/cs-433-project-2-lpmc_dcm

Regularized maximum likelihood estimation for discrete choice models on the LPMC dataset

Primary LanguagePython

Machine Learning: Project 2

This is the README file for the project 2 of the ML course (CS-433) we did in collaboration with EPFL Transport and Mobility Laboratory.

The dataset used is London Passenger Mode Choice (LPMC) revealed-preference data. A description of the features can be found here.

Full details of the framework, dataset, and the models it was used to develop are given in Hillel et al. (2018): https://doi.org/10.1680/jsmic.17.00018.

Pylogit package:

The code for this project is based on Python pylogit package by Timothy Brathwaite.

This package is designed for "performing maximum likelihood estimation of conditional logit models and similar discrete choice models".

Contributions to the initial code:

As part of this project, we implemented Ridge and LASSO regularization methods, as well as Box-Cox tranformations.

  • Regularization methods:

    • added file reg.py: L1() and L2() methods.

    • modified files:

      • choice_calcs.py: calc_probabilities(), [lines 144-189], calc_log_likelihood() [lines 349-364] and calc_gradient()[lines 472-615]: The gradient for a $\lambda$ parameter is given by : A remplir. Entre crochet les lignes de modifications de chaque methode

      • conditional_logit.py: fit_mle() function now taking regularization hyperparameters $\lambda_R$ (ridge) and $\lambda_L$ (lasso) as arguments. These arguments are then passed to any method that needs them.

  • Box Cox transform:

    • use of Python scipy.special.boxcox()

    • modified files

      • choice_calcs.py: calc_probabilities(), calc_log_likelihood() and calc_gradient(): see comment lines.

      • estimation.py: estimate() now specifies boundaries for boxcox parameters: $\lambda_{cox} \geq 0$. These constraints are then passed to scipy.optimize.minimize(). The minimization method is also changed from 'BFGS' to 'L-BFGS-B'.

How to use

The main.py file allows to reproduce all the results presented in the report. The main steps are:

  • Create long format data: generate_long_data.py

This file allows us to convert the original LPMC data to long format, and proceed to segmentation w.r.t age, season, travel and purpose. A boolean 'train' (True by default) specify which one of the training set or the test set is generated.

  • __Compute the parameter estimates for a given model (specification): __

After having generated a choice model by creating an ordered dictionnary (collections.OrderedDict) through the create_specification.py file, this dictionnary will determine the functionnal form of the utility functions. Then, conditional_logit.fit_mle() is called to perform the maximum likelihood estimation and returns the final log-likelihood $\mathcal{L}(\hat{\beta})$, as well as the parameters estimates $\hat{\beta}$.

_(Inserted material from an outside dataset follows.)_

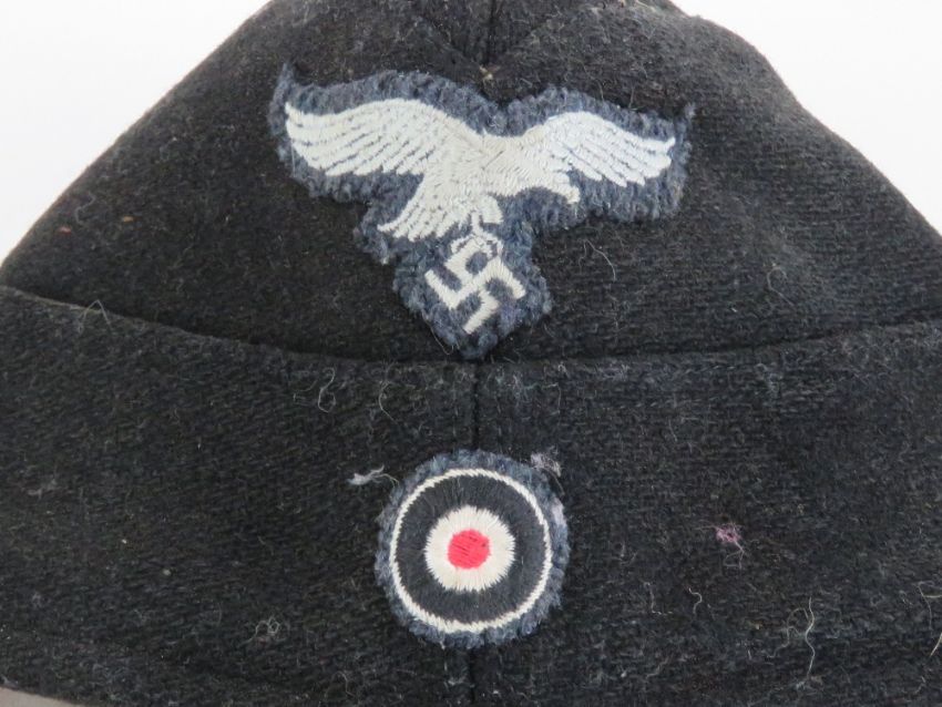 A WWII Lufwaffe Panser Hermann Göring Division side cap in felt complete with cloth badges and having cotton interior stamped Berlin 1942.

  • __Perform the grid search over regularization hyperparameters: __

We perform a grid_search over $\lambda_R$ and $\lambda_L$ and store the following results to be used in the making of plots (and the evaluation of regularization part):

  • The number of parameters $\beta$ pushed towards 0. More precisely those estimated below 1e-6, between 1e-4 and 1e-6, between 1e-2 and 1e-4 and above 1e-2.

  • The array of estimated (regularized) parameters.

  • Evaluate the regularization results and compare the hyperparameters combination of the grid search: evaluation of regularization

Here, we compare the efficiency of regularization hyperparameters and plot the log-likelihood in terms of the number of added parameters. This is allowed by passing an index list to fit_mle() through the argument indd.